■ **DATASET EXTRACT**:

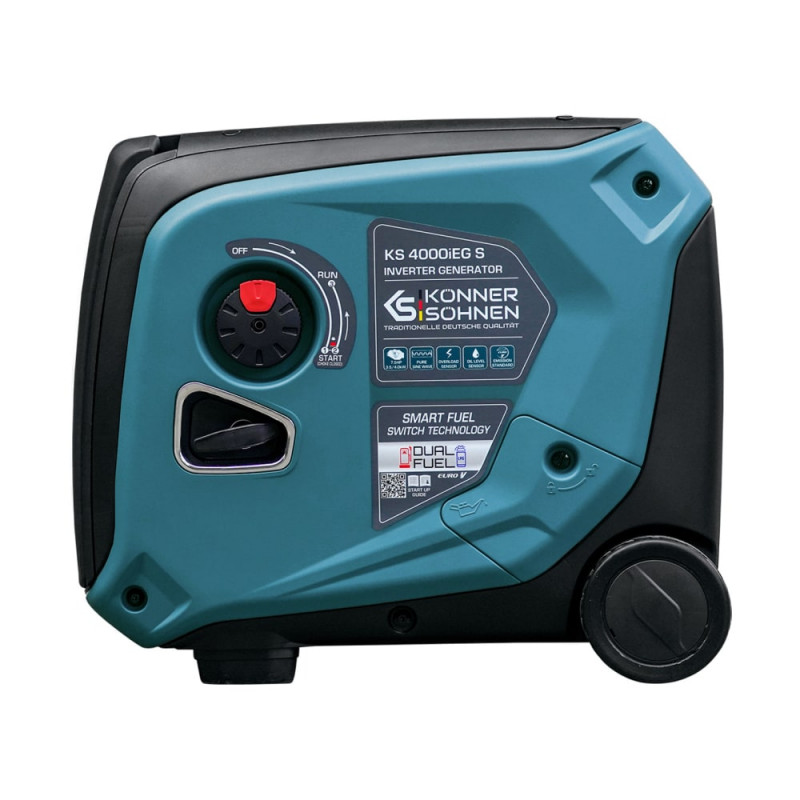 Газобензиновий генератор інверторного типу KS 4000iEG S німецької торгової марки Könner & Söhnen в шумозахисному корпусі – це зручне джерело електроенергії з низьким рівнем шуму. Ключова особливість даної моделі полягає в тому, що вона виробляє електричний струм з правильною синусоїдою. Особливості та переваги моделі: ПРАВИЛЬНА СИНУСОЇДА Вбудований електронний блок з мікропроцесорним керуванням контролює роботу генератора та забезпечує стабільну вихідну напругу 230В 50Гц синусоїдальної форми, що підходить для надійної роботи чутливої електроніки. УНІВЕРСАЛЬНІСТЬ ВИКОРИСТАННЯ Можливість використовувати як з переносним газовим балоном, так і зі стаціонарною ємністю для зберігання газу (газгольдером). За умови підключення сертифікованим фахівцем. Тиск в системі подачі не повинен перевищувати 16 Бар. НИЗЬКИЙ РІВЕНЬ ШУМУ Шумозахисний корпус забезпечує мінімальний рівень шуму (66 дБ Lpa 7м), комфортне використання і зручне транспортування. ЕРГОНОМІЧНА ПАНЕЛЬ УПРАВЛІННЯ Ергономічна панель управління оснащена: LED-дисплеєм, двома USB-роз'ємами 5В/1A, 5В/2.1A, типовою автомобільною розеткою 12В, перемикачем економічного режиму, індикаторами робочого стану, роз'ємом для паралельного підключення генераторів для отримання подвійної потужності, а також кнопкою RESET для перезавантаження системи контролю (при спрацьовуванні автомата захисту) та відновлення подачі напруги. ВИСОКОЯКІСНИЙ АЛЬТЕРНАТОР У генераторах інверторного типу Könner & Söhnen встановлено високоякісний безщітковий альтернатор зі 100% мідною обмоткою. Надійний та компактний альтернатор встановлений на постійних магнітах, у пластиковому кожусі та може витримувати максимальні навантаження без ушкоджень, гарантує тривалу надійну роботу генераторної установки. ПАРАЛЕЛЬНЕ ПІДКЛЮЧЕННЯ Можливість паралельного підключення двох генераторів через спеціальний прилад для отримання подвійної потужності. ТРАНСПОРТУВАЛЬНИЙ КОМПЛЕКТ Інверторні генератори Könner & Söhnen оснащені транспортувальною системою для зручного переміщення. Два колеса та ручка, що підіймається під час переміщення генератора, забезпечують комфортне транспортування та мобільність агрегата. Комплектація Konner&Sohnen KS 4000iEG S: генератор; шланг із редуктором; Викрутка; Свічковий ключ; Чохол для аксесуарів; картонна коробка; Інструкція з експлуатації; гарантійний талон
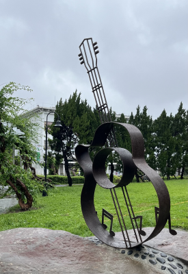 豎立在淡江大學牧羊草坪上的民歌意象雕塑,鼓勵淡江人「唱自己的歌」。照:淡江大學提供
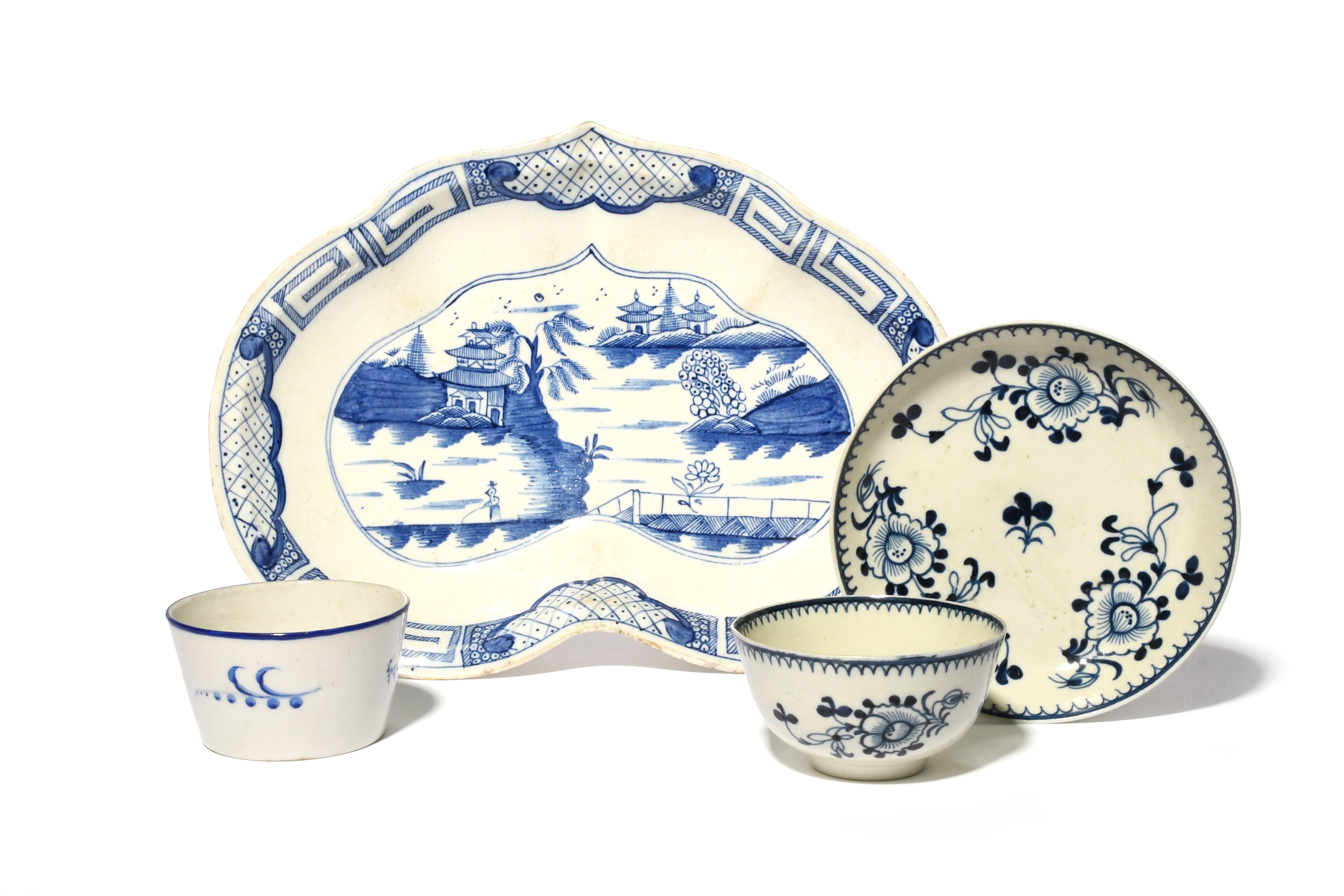 A Caughley blue and white dish, c.1785-93, painted with the Weir pattern in a bright blue within a panelled trellis and Greek key border, a Liverpool teabowl and saucer painted with flower sprays, and a Derby pan with lily of the valley sprigs in overglaze blue, 26.7cm max. (4)

■ **EXERCISE OBJECTIVE**: Write out an exact copy of the lines beginning at the line that contains "豎立在淡江大學牧羊草坪上的民" and ending at the last line of the listing. Exclude pictures.

■ **ANSWER BOX**:
 豎立在淡江大學牧羊草坪上的民歌意象雕塑,鼓勵淡江人「唱自己的歌」。照:淡江大學提供
 A Caughley blue and white dish, c.1785-93, painted with the Weir pattern in a bright blue within a panelled trellis and Greek key border, a Liverpool teabowl and saucer painted with flower sprays, and a Derby pan with lily of the valley sprigs in overglaze blue, 26.7cm max. (4)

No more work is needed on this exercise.